WORK ITEM ▸ The listing below should be written out word for word, with its pictures removed.

INPUT DATA ▸
-*-

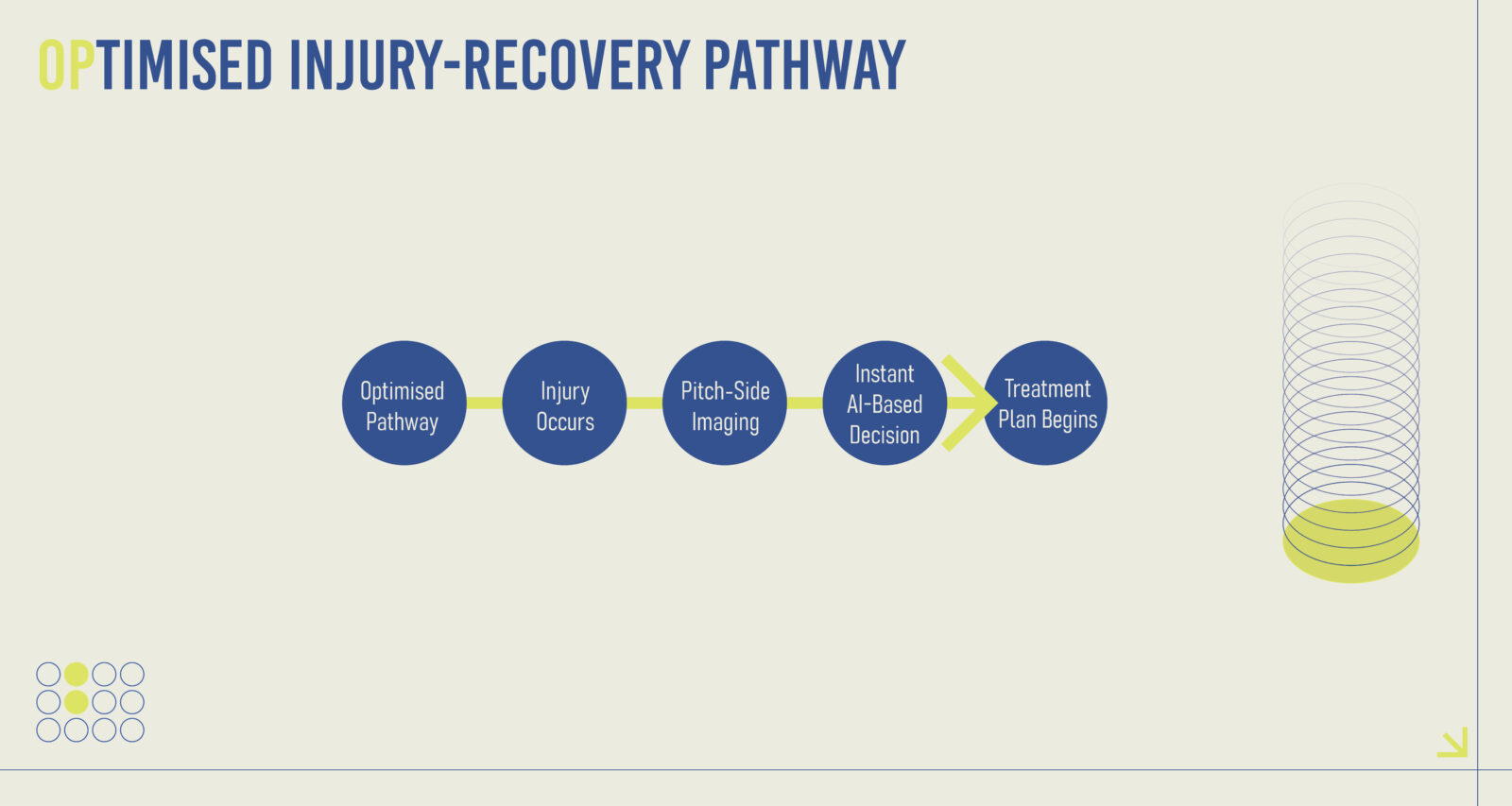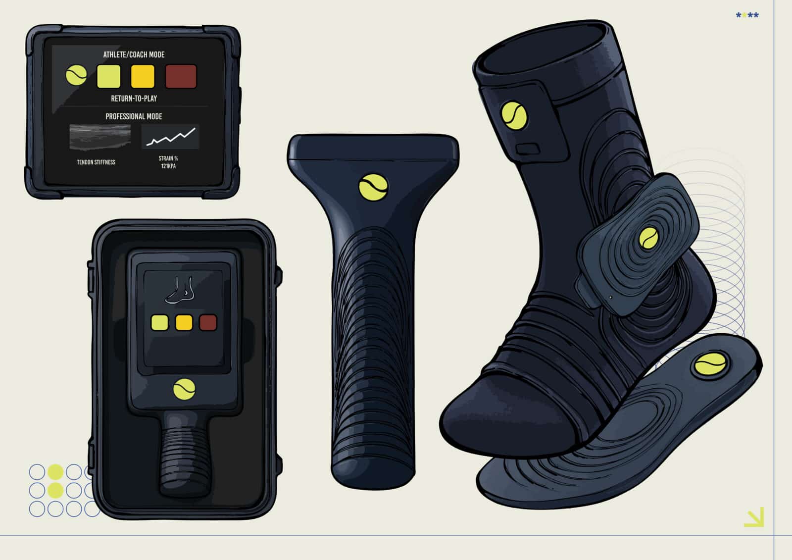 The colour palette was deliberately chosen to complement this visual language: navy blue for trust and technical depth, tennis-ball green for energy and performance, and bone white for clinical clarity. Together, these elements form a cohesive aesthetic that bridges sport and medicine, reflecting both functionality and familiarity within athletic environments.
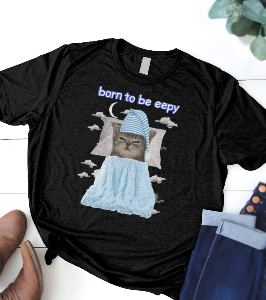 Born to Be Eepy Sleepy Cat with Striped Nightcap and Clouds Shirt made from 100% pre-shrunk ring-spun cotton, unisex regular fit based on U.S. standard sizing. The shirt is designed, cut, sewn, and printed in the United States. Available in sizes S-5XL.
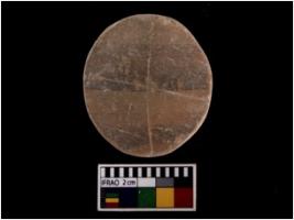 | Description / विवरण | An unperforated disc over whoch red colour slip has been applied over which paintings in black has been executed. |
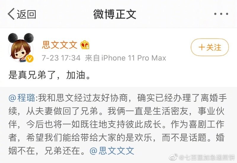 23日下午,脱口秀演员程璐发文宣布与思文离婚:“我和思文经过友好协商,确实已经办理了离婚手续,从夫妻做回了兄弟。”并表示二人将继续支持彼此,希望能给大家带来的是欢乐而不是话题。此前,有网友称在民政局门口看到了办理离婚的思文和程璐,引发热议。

-*-

WRITTEN RESPONSE ▸
 The colour palette was deliberately chosen to complement this visual language: navy blue for trust and technical depth, tennis-ball green for energy and performance, and bone white for clinical clarity. Together, these elements form a cohesive aesthetic that bridges sport and medicine, reflecting both functionality and familiarity within athletic environments.
 Born to Be Eepy Sleepy Cat with Striped Nightcap and Clouds Shirt made from 100% pre-shrunk ring-spun cotton, unisex regular fit based on U.S. standard sizing. The shirt is designed, cut, sewn, and printed in the United States. Available in sizes S-5XL.
 | Description / विवरण | An unperforated disc over whoch red colour slip has been applied over which paintings in black has been executed. |
 23日下午,脱口秀演员程璐发文宣布与思文离婚:“我和思文经过友好协商,确实已经办理了离婚手续,从夫妻做回了兄弟。”并表示二人将继续支持彼此,希望能给大家带来的是欢乐而不是话题。此前,有网友称在民政局门口看到了办理离婚的思文和程璐,引发热议。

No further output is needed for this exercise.